Be fair, Anatole, he told himself harshly as the Marine fired again and again. The poor bastard's got to be half-frozen, despite all the grease you could slather onto him. No wonder his brain isn't working very well.



Unlike quite a few of his contemporaries, Leberecht Probst had discovered that he was actually an excellent shot with a pistol. The revolver, a .38 Smith & Wesson Model 15 with a four-inch barrel, wasn't the most powerful of weapons to have come back through the Ring of Fire, but it was comfortable in his hand, and his target jerked up out of the water with the third shot.



It was definitely a human head, he noted, amazed by the steadiness of his own hand as the fact that he was shooting at another human being was confirmed. In fact, the head was attached to the rest of a human body, and he saw a sudden blossom of crimson on the side of the swimmer's neck as he fired a fourth time.

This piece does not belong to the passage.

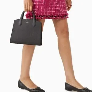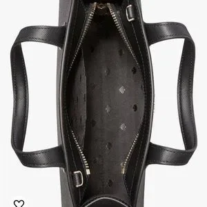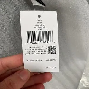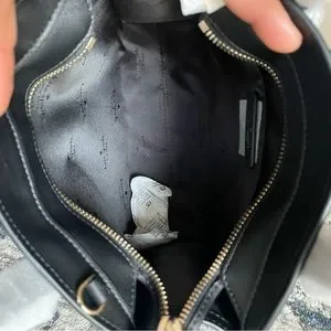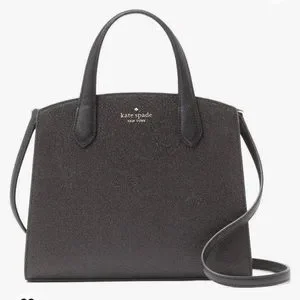 Measurements 8.8" H x 10.4 " W (bottom) x 3.68" D Handle Drop: 3.68" Features Strap Drop: 22" Metal Pinmount Logo Closure Type: drop in top zip closure Materials glitter fabric Trim: saffiano pvc trim imported

His target rolled over, and the glassy plate of the diver's swimming mask turned towards him like a Cyclops' accusing eye. Then the man he'd just shot submerged once again.



It didn't look like an intentional dive.



"Take us over there, Kjell," Probst heard his own preposterously calm voice saying to Halvorsen. "And report to the flagship that we've definitely sighted at least one scuba diver."

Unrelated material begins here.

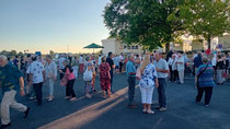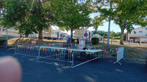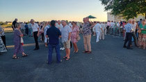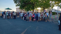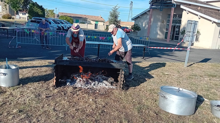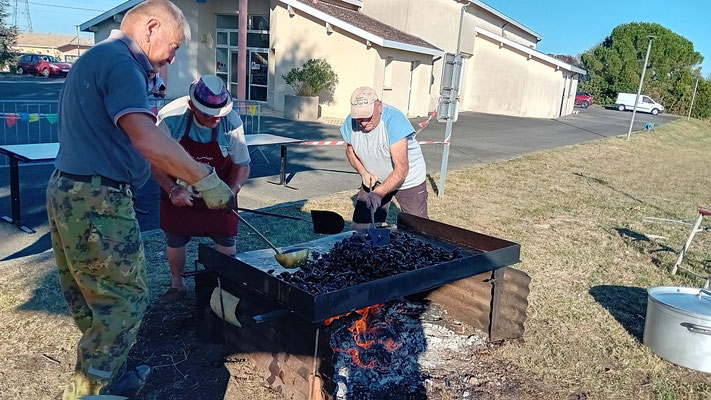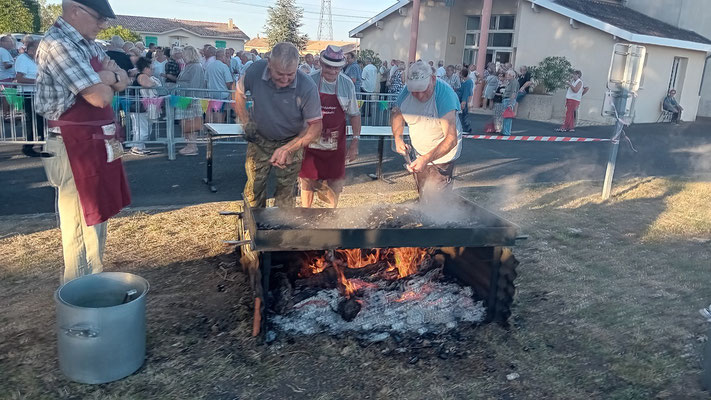 À 19 heures, les festivités ont débuté. Les convives arrivent, le bar proposant des boissons à 1 € est opérationnel, tandis que le feu sous la plancha est allumé par nos chefs cuisiniers dévoués, utilisant des pieds de vignes locaux. Les curieux observent cette cuisson tout en savourant l'apéritif.
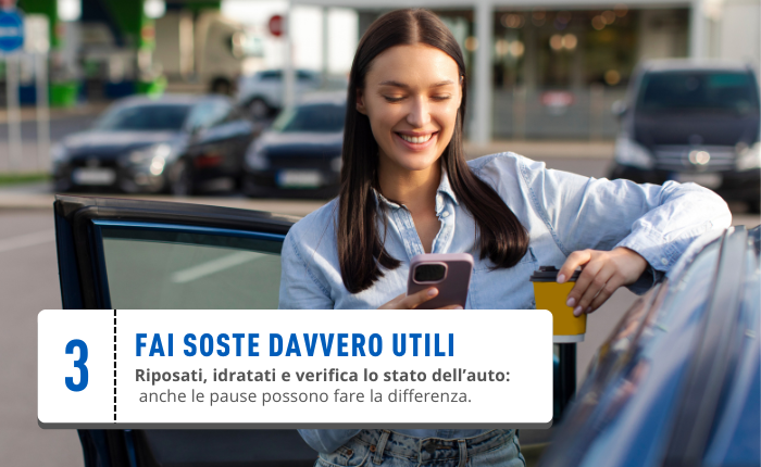 - fare soste regolari per riposare, idratarsi e recuperare attenzione;

Du Bouvard's jaw tightened as the pistol fire stopped and the boat from which it had come swept around in a sharp turn. Whether it had been Laguia or not, the combination of no more shooting and purposeful movement suggested that something unpleasant had happened to the Marine's target. And the fact that one of his divers had been sighted had just reduced the other swimmer's already minute chances of success to virtually nothing.



"What do we do now?" Olier asked.



"There's damn-all we can do," du Bouvard replied flatly. "Except get the hell out of here before they get around to sending parties ashore to find out just where those divers came from."



"That sounds like an excellent idea to me," Olier said fervently, and started barking orders at the rest of their party.



"Is there any confirmation?" Simpson asked.



"No, sir." Halberstat shook his head. "If it was a diver, he either dove again or just sank, and the water's so muddy you can't see anything two feet below the surface. But young Probst's a reliable man. If he says he saw someone in the water, I believe him."



"So do I," Simpson admitted. "And Achates' problems may actually let the lunatics succeed. Mind you," he smiled thinly, "I wouldn't be willing to risk any money betting on the probability, but Murphy doesn't play favorites."



Halberstat nodded. Before joining the navy, he'd never heard of the "Murphy" so many of the up-timers invoked, but he'd been eminently familiar with the concept Murphy enshrined.



"What are your orders, sir?" he asked.



Simpson thought for a moment, gazing down from the bridge wing at one of the mitrailleuses as the weapon poked out of its firing port and swung restlessly back and forth. He knew that some of the army's officers—like Frank Jackson—thought that his insistence on the more sophisticated and expensive mitrailleuses instead of the simpler Requa-style volley guns the army had adopted was simply one more example of his mania for "bells and whistles." And, he knew, they deeply resented the priority he'd gotten for allocations from the primers various up-time firearm reloaders had brought back with them.



But there were sound reasons for the successful, bitter campaign he'd waged in favor of the navy's mitrailleuses. The army's volley guns were an all-or-nothing proposition. Their cartridge cases had no individual primers, only touch holes, and were set off in a rapid-fire chain by a single powder train. In twentieth-century terms, they weren't "selective fire" weapons; when one shot was fired, every shot was fired. Even worse, in many ways, they were mounted as artillery pieces. The weapons were cumbersome, large, and impossible to traverse. When they fired, they delivered all of their rounds virtually simultaneously into a very small, relatively speaking, target area.